Children with ADHD have trouble concentrating, sitting still and being quiet. They are often disorganized and often forget to do things. Some children with ADHD also have trouble sleeping.
10 tips to help your ADHD child fall asleep
Sleep is crucial to your ADHD child's health and well-being. Here are some tips:
- Establish a bedtime routine that is calm and soothing. This means that you should avoid letting your ADHD child watch television or play video games before bedtime.
- Encourage your child to exercise during the day to burn off excess energy.
- Give your ADHD child a warm bath before bedtime to relax his or her muscles.
- Reading a bedtime story to your child can help calm his or her mind and encourage sleep.
- Teach your ADHD child some relaxation techniques, such as deep breathing or visualization.
- Turn off all light sources in the bedroom to create a dark and quiet environment.
- Encourage your ADHD child to get up and move around if he or she wakes up during the night and can't get back to sleep.
- Implement a healthy sleep regimen for your ADHD child by encouraging him or her to go to bed and get up at regular times.
- Avoid giving your ADHD child food and drinks containing caffeine before bedtime.
- Talk to your doctor if your ADHD child has trouble sleeping and is at risk for sleep apnea.
It is important to ensure that your ADHD child has an environment that is conducive to healthy, restful sleep.

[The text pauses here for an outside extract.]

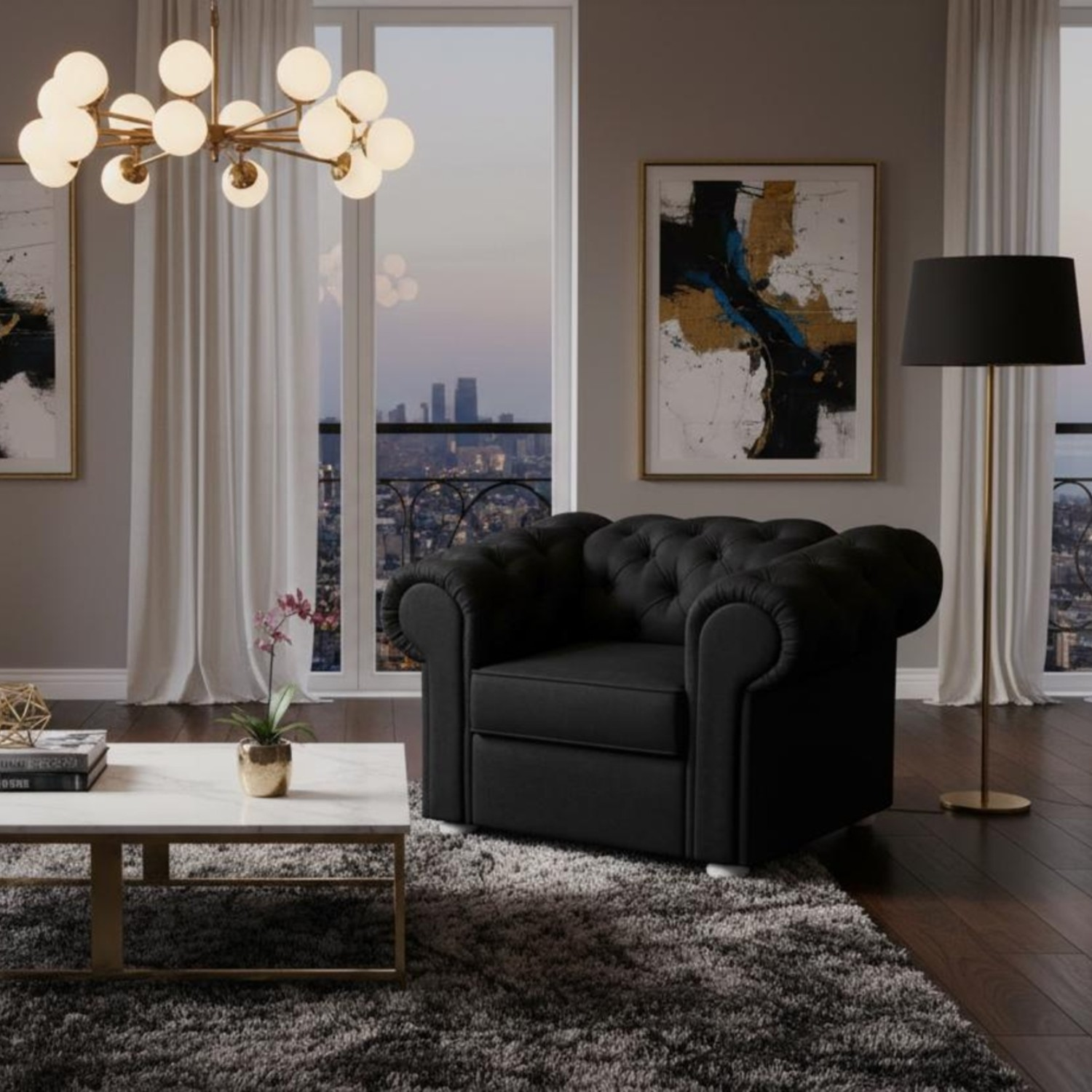 Fotoliu negru Valentino - un fotoliu realizat in stilul Chesterfield, devenit deja clasic in designul interior. Elegant si impunator, amintind de atmosfera saloanelor din casele nobiliare, acest fotoliu imprima personalitate incaperii in care se afla. Tapiteria din catifea si sezutul cu arcuri wave asigura eleganta si confort. Partea din spate a spatarului este si ea tapitata, astfel ca permite pozitionarea fotoliului negru Valentino in orice loc in incapere. Picioarele din lemn masiv vopsite alb permit integrarea usoara intr-o ambianta contemporana. Fotoliul negru Valentino impreuna cu canapelele de 2 si 3 locuri Valentino de aceeasi culoare formeaza un set de living in stil Chesterfield care devine punctul central al camerei.
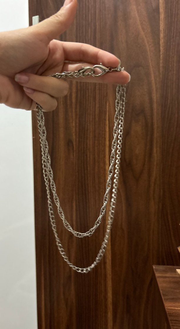 Bohem tarzı, zincir detaylı, gri ve bej renk tonlarında kadın el zinciri. Minimalist ve desensiz tasarımıyla günlük kullanıma uygundur. ✨

Create a bedtime routine that will help them relax and fall asleep. Make sure there are no distractions in his room, such as television or video games. Encourage exercise during the day to deplete his energy and promote deep, restful sleep.
Other tips to help your child sleep
Staying with him, accompanying him
To be with him will not be only by telling him a story even if it is excellent. It is not enough for them and then it is still in the "doing". We must accompany them in the fact of settling down and stopping. It is no longer in the action that it happens but in the "being". And for that, it requires that the parent himself or herself stops and rests.
The hand on the abdomen and the other at the same height in the back
An excellent gesture that helps to settle down and calm down, as much for the parent as for the child, is to put one of your hands on his abdomen at the level of the navel and the other hand on his back at the same height. Then you center yourself on what you feel in your hands, closing your eyes if necessary and remaining silent. If the child speaks to you, you listen to him but you do not feed the conversation at this time. You simply take the time to be.
You will see that little by little, the child calms down and this gesture recreates a very strong link between the parent and the child, a bit like the umbilical cord that linked the mother to the child in utero.
The abdomen is also the seat of emotions where many tensions and knots come to lodge; this gesture will help to untie these knots, and allow the energy to circulate better.
One hand on his forehead and the other on his neck
This gesture calms the little bike that never stops in the head as well as the tensions of the upper back. A few minutes are enough.
I see that in the adults who come for coaching or care, it does them a lot of good too. Especially for people who carry a lot in their lives...
So, I invite you now to "devote" 5 more minutes with your child during the ritual of falling asleep and to test one day one gesture, one day the other.